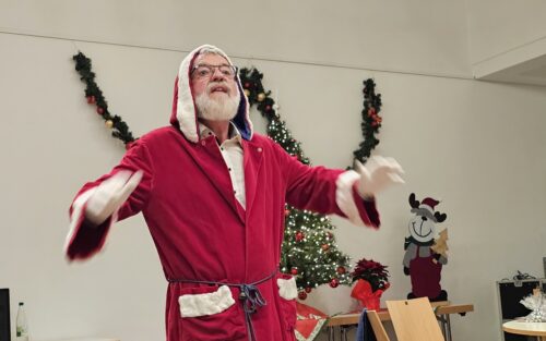 Der Nikolaus kam rein. Er hielt eine emotionale Ansprache und sprach auch deutliche Worte zu den Kriegsverbrechen im Osten von Europa und im Nahen Osten. Und fügte abschließend mahnend hinzu: „Gegen Hass muss man Liebe setzen!“ Roger Podstatny dankte dem Nikolaus, dargestellt von Manfred Menningen.
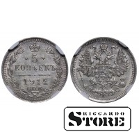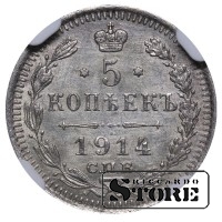 Russian Empire coin with a denomination of 5 Kopecks, issued in 1914 during the reign of Emperor Nicholas II (1894–1917). Composition — silver, weight 0.9 g. Certified by NGC with a grade of UNC DETAILS.
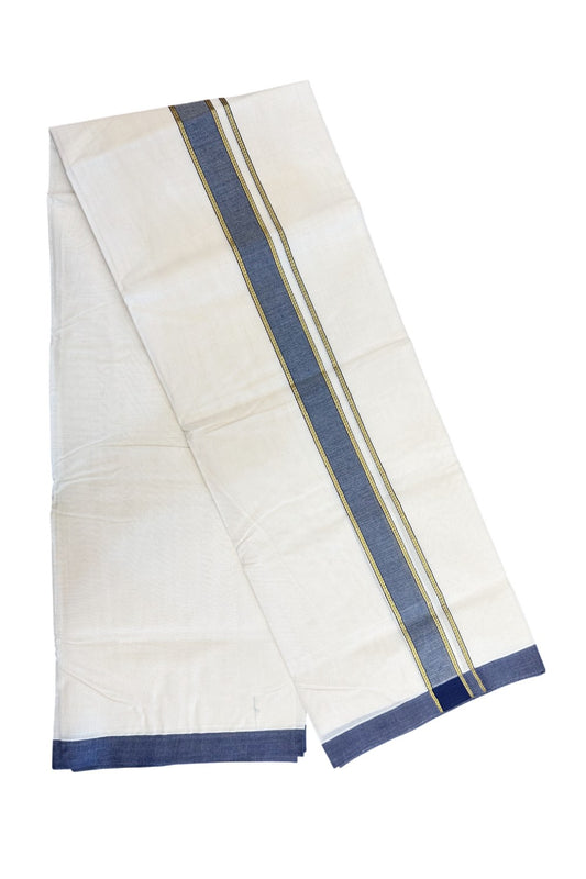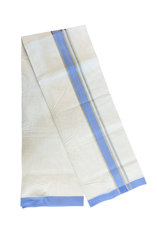New !! 20% Discount!! KaithariKada Balaramapuram 100% Cotton Double Off white - (Unbleached) Mundu/Dhoti-100x80 - 1.5 inch Gold Kasav & Blue Shaded Striped KARA - 3.75 mtr (8 Muzham) - 14KK5218 ASH
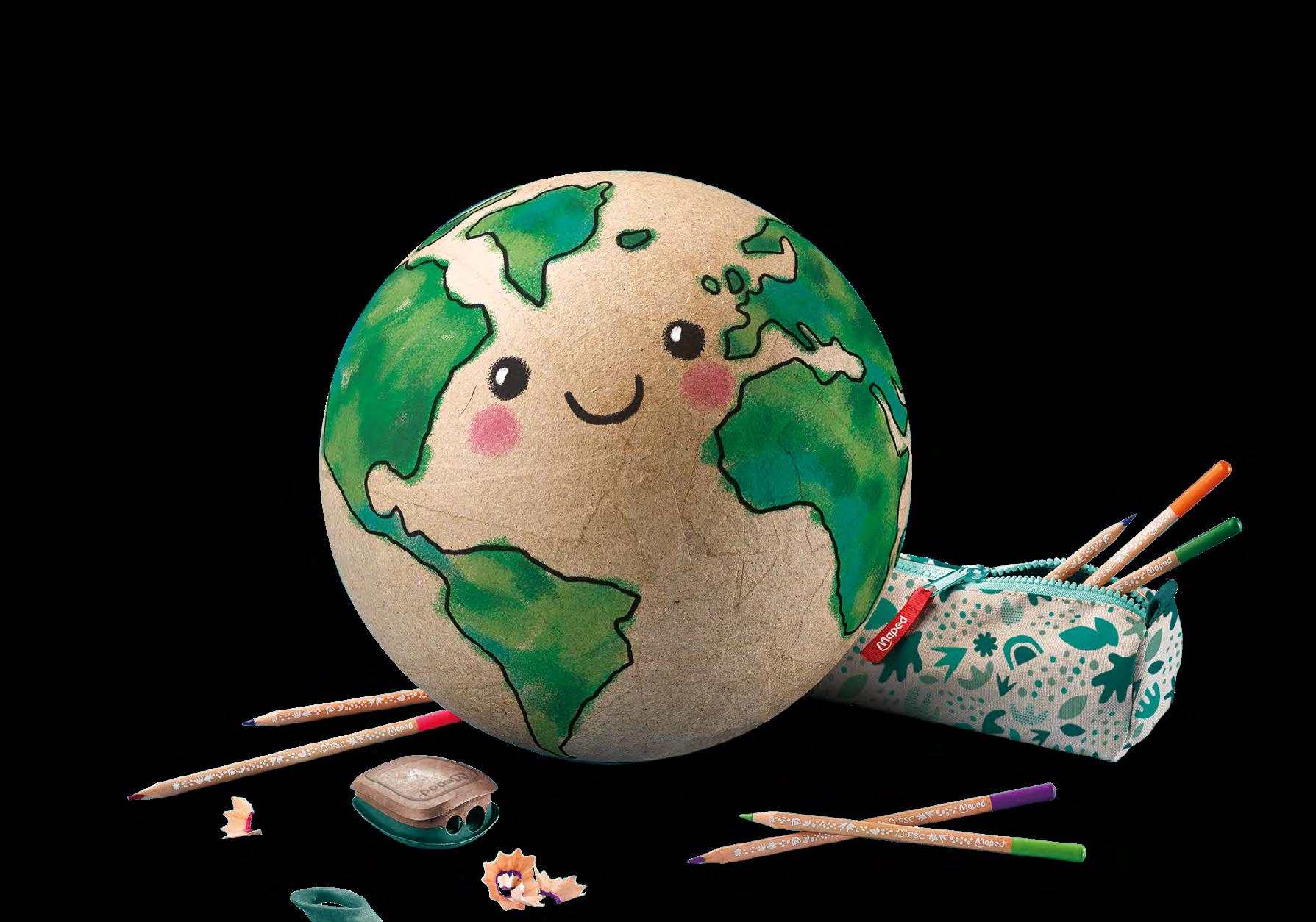 Contains 36 felt tip pens, 1 Glitter felt-tip pens, 36 Strong Green pencils, 3 Duo World pencils, 12 Pastel FSC pencils, 14 Aqua pencils, 20 Infinity pencils, 24 wax crayons, 1 Brush, 1 graphite pencil, 1 eraser and 1 pencil-sharpener Smiling Planet.
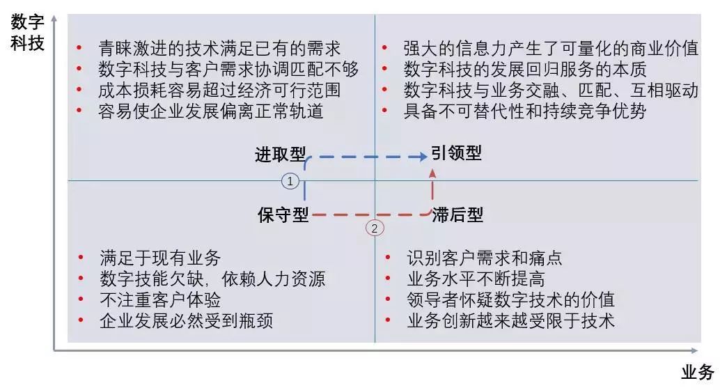 根據數字科技與業務各自發展程度及其交融與匹配度,可以將企業分成保守型、滯后型、進取型和引領型四種類型,如上圖所示。
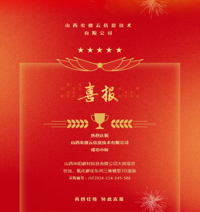 熱烈慶祝山西宏微云信息技術(shù)有限公司成功中標(biāo)山西華陽碳材科技有限公司大同項目紡絲、氧化碳化車間三維模型3D渲染采購編號:J…
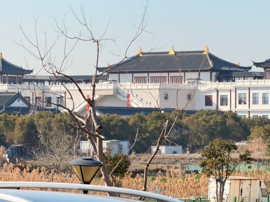 枯枝为框,晴空作幕,白墙黛瓦的殿宇静立在视野尽头,金顶在阳光下泛着温润的光,飞檐翘角间尽是江南古建的雅致。高台之上的殿宇,隔着一片草木与旷野,少了寺内的烟火,多了几分遗世独立的禅意。
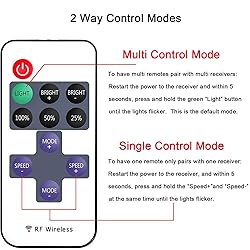 Single Color LED Strip Lights RF Remote Control - Works with 5050 3528 5630 3014 Single Color LED Strip Lights. Remote turn on/off, dim the brightness and change dynamic flashing mode and speed. LED Light Dimmer Switch - The LED Remote Controller supports 10 levels brightness adajustment, also with 25% 50% 100% quick brightness change buttons. 8 dynamic modes and 10 levels dynamic speed adjustment. It also built- in automatic shutdown memory function. Wide Application - Simple add this LED controller to remote control your LED lamps, point-source light, flexible strip light, wall washer light, glass curtain wall light and so on, pecfect for DJs, Musicians, Parties and More. Working Voltage - DC 12V-24V. Max Current: 12A. 11 key RF Remote control with 433MHz Frequency. Remote distance: 15m at open area. Please note power adapter is not included. Single Control & Multi Control - One remote is able to control multi receivers by default. If you want separate control, restart the power of the receiver, and within 5 seconds, press and hold "SPEED-" and "SPEED+" buttons at the same time for about 10 seconds until lights flash, now the frequency will be changed and only this remote can control this receiver.
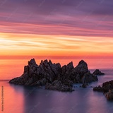 Breathtaking scenery of sea stacks during sunset under the colorful sky in Guernsey

| WORK REQUIRED |
What you should return is the exact text of every line from the top of the entries through the line with "New !! 20% Discount!!", pictures removed.

| RESPONSE |
 Der Nikolaus kam rein. Er hielt eine emotionale Ansprache und sprach auch deutliche Worte zu den Kriegsverbrechen im Osten von Europa und im Nahen Osten. Und fügte abschließend mahnend hinzu: „Gegen Hass muss man Liebe setzen!“ Roger Podstatny dankte dem Nikolaus, dargestellt von Manfred Menningen.
 Russian Empire coin with a denomination of 5 Kopecks, issued in 1914 during the reign of Emperor Nicholas II (1894–1917). Composition — silver, weight 0.9 g. Certified by NGC with a grade of UNC DETAILS.
New !! 20% Discount!! KaithariKada Balaramapuram 100% Cotton Double Off white - (Unbleached) Mundu/Dhoti-100x80 - 1.5 inch Gold Kasav & Blue Shaded Striped KARA - 3.75 mtr (8 Muzham) - 14KK5218 ASH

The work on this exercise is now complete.